<<<<

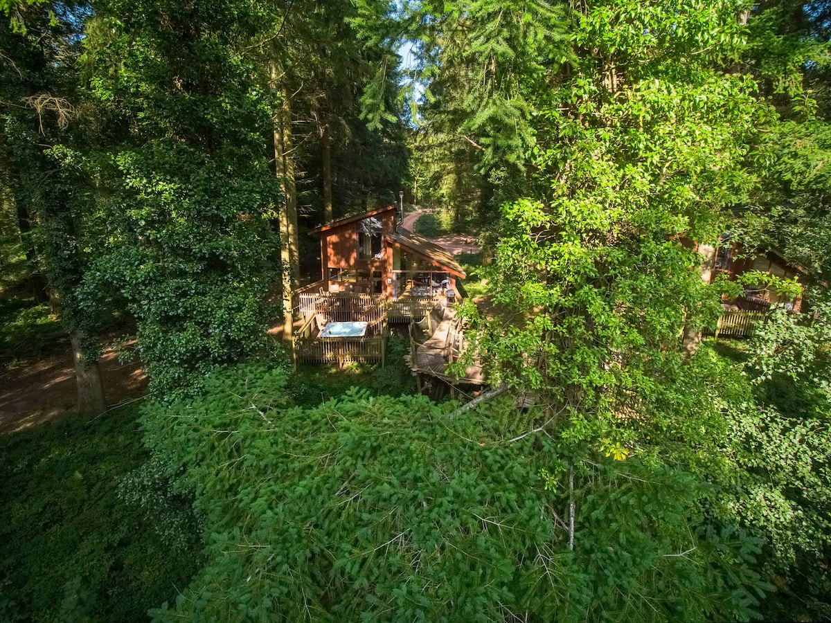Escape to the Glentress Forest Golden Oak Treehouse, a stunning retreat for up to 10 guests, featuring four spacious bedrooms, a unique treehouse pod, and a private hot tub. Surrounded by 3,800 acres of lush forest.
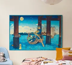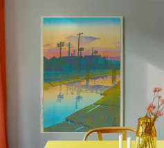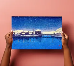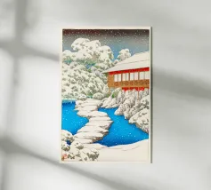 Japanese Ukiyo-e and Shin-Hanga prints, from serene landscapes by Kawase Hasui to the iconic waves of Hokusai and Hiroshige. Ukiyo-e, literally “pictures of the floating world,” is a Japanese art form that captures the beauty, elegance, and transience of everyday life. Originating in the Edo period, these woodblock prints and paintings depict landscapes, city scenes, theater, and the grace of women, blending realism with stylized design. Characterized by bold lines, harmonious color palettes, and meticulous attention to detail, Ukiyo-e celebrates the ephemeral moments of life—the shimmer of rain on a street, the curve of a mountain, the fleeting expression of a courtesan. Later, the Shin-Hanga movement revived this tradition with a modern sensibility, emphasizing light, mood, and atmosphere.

>>>>
<<<<

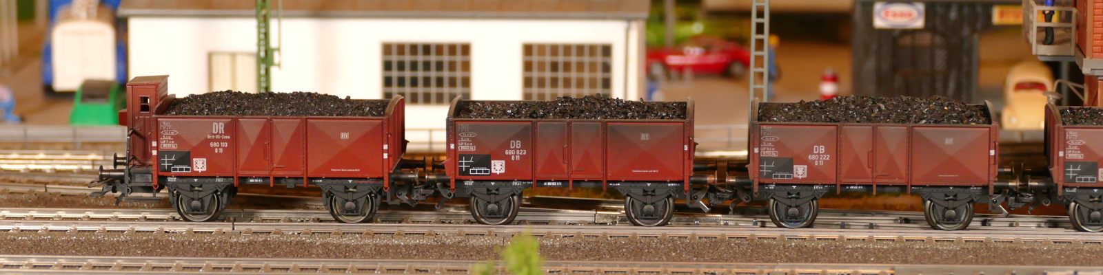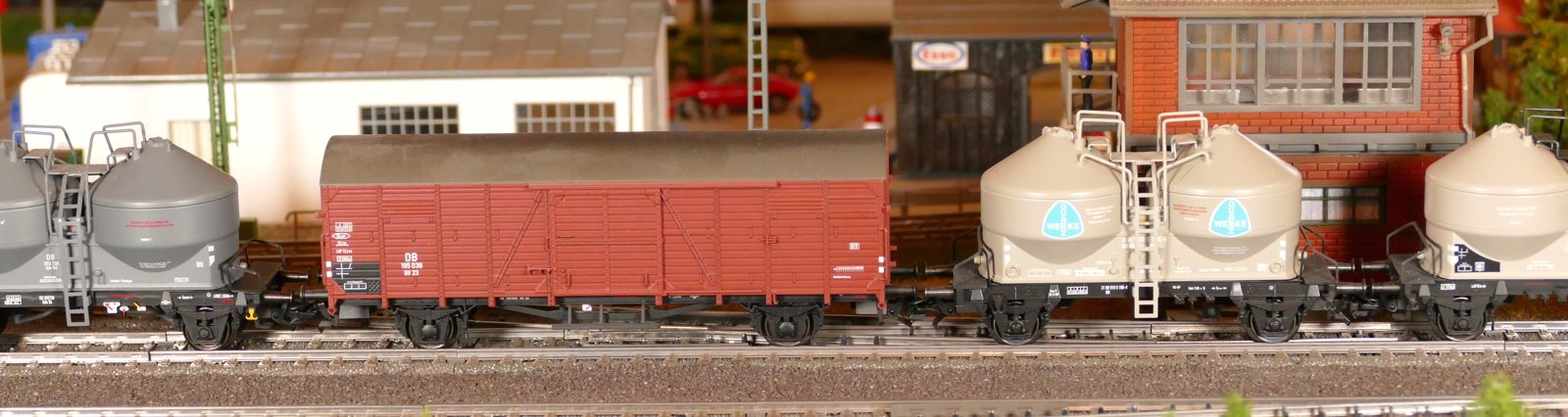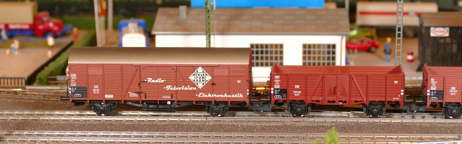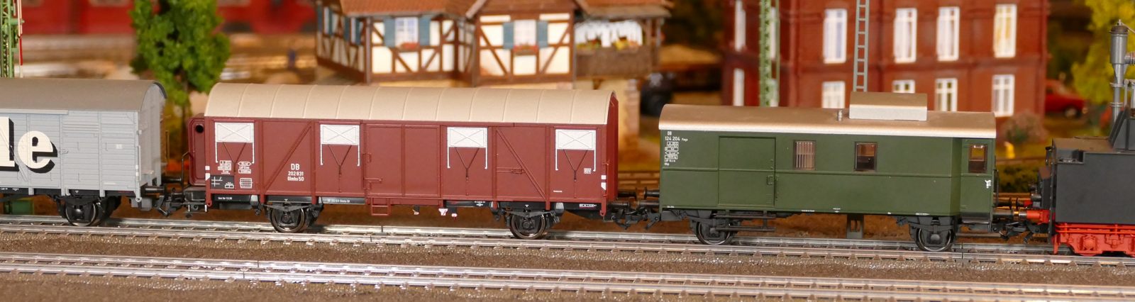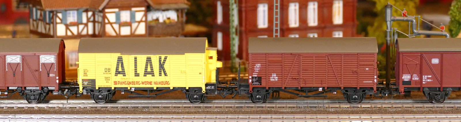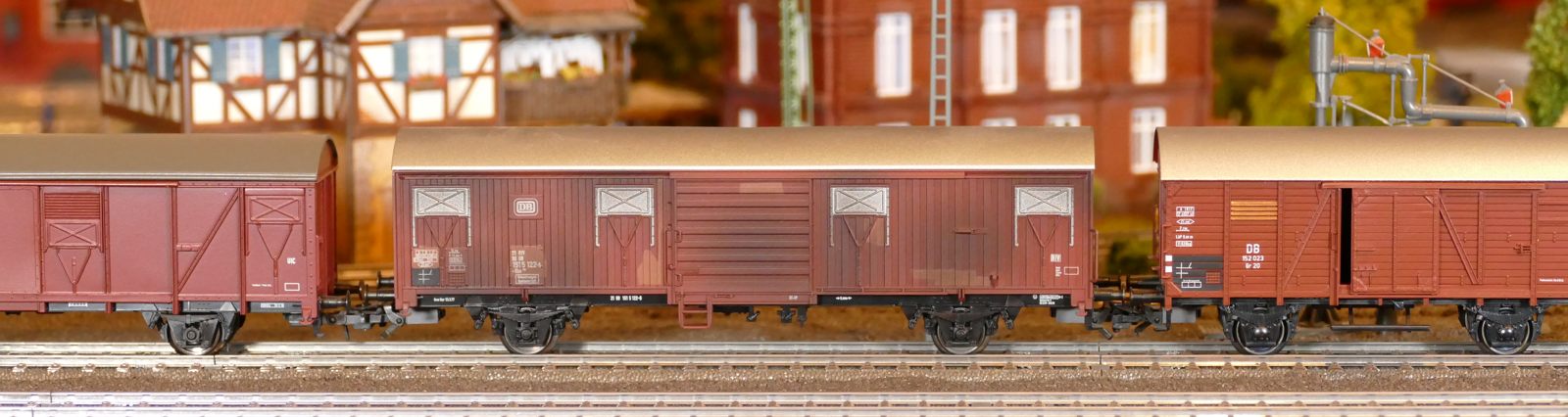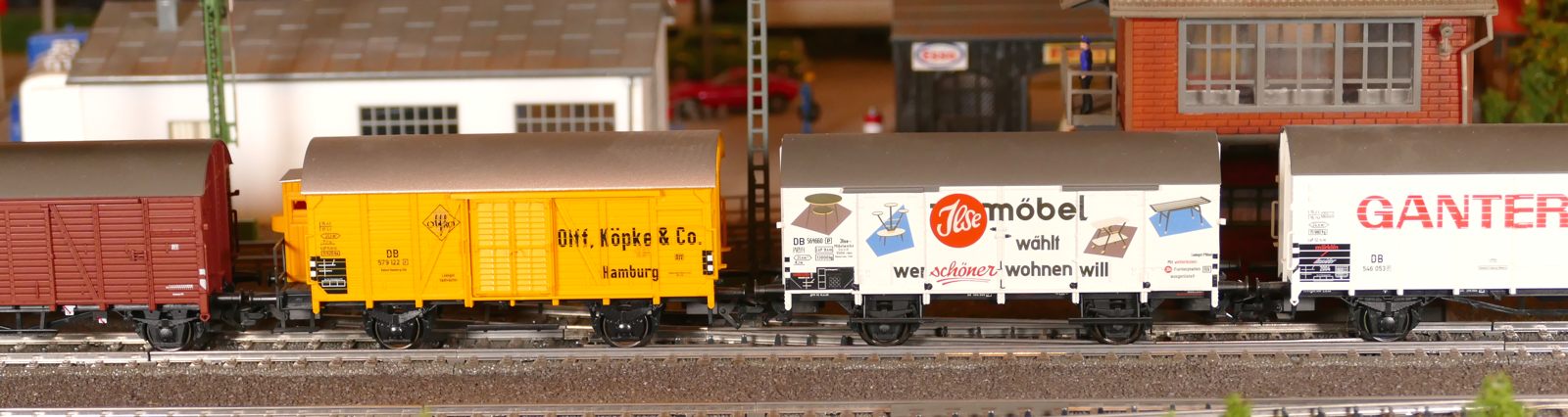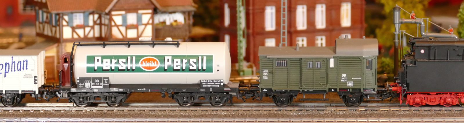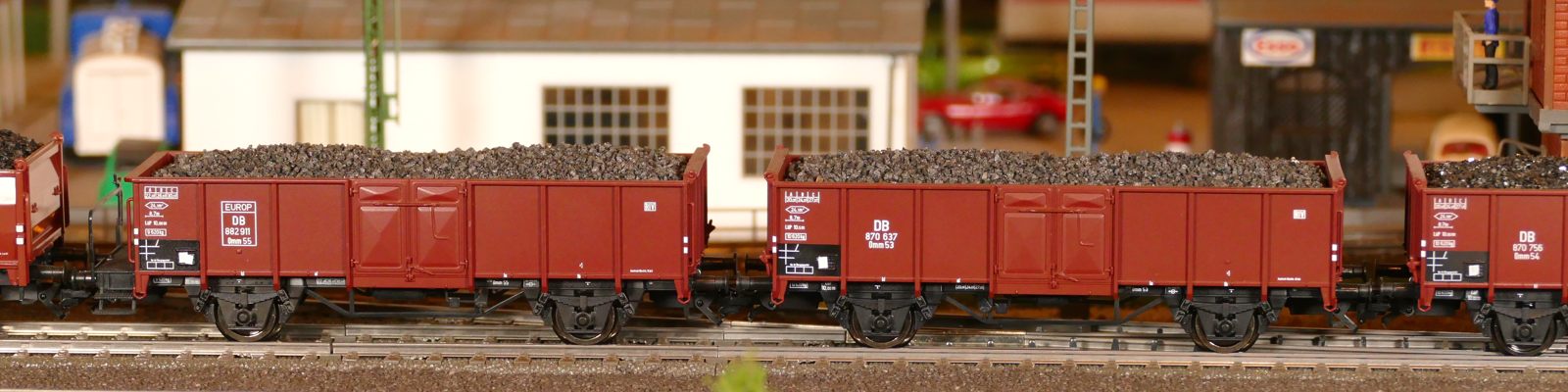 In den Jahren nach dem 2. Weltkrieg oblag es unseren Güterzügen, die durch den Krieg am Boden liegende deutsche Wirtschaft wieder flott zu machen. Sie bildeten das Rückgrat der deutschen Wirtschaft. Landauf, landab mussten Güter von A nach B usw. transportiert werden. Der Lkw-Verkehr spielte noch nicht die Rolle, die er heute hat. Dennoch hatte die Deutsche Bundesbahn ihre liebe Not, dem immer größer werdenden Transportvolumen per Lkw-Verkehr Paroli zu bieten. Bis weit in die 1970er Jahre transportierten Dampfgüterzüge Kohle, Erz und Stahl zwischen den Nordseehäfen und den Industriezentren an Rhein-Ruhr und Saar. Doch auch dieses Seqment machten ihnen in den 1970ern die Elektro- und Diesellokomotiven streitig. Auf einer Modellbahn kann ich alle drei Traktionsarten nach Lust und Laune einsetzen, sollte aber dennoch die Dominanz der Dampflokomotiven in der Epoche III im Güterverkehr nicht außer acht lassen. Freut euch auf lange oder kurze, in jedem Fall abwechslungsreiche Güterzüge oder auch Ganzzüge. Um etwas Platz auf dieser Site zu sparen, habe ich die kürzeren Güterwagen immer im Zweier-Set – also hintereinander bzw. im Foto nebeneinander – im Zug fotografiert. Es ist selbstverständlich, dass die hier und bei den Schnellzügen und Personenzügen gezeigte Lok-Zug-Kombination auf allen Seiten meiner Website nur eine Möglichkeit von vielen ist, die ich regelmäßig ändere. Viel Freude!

>>>>

**What you have to do**
Print, exactly, each line above from the one with "Escape to the" to the one with "Japanese Ukiyo-e and", end lines included. Leave pictures out of it.

**Written response**
Escape to the Glentress Forest Golden Oak Treehouse, a stunning retreat for up to 10 guests, featuring four spacious bedrooms, a unique treehouse pod, and a private hot tub. Surrounded by 3,800 acres of lush forest.
 Japanese Ukiyo-e and Shin-Hanga prints, from serene landscapes by Kawase Hasui to the iconic waves of Hokusai and Hiroshige. Ukiyo-e, literally “pictures of the floating world,” is a Japanese art form that captures the beauty, elegance, and transience of everyday life. Originating in the Edo period, these woodblock prints and paintings depict landscapes, city scenes, theater, and the grace of women, blending realism with stylized design. Characterized by bold lines, harmonious color palettes, and meticulous attention to detail, Ukiyo-e celebrates the ephemeral moments of life—the shimmer of rain on a street, the curve of a mountain, the fleeting expression of a courtesan. Later, the Shin-Hanga movement revived this tradition with a modern sensibility, emphasizing light, mood, and atmosphere.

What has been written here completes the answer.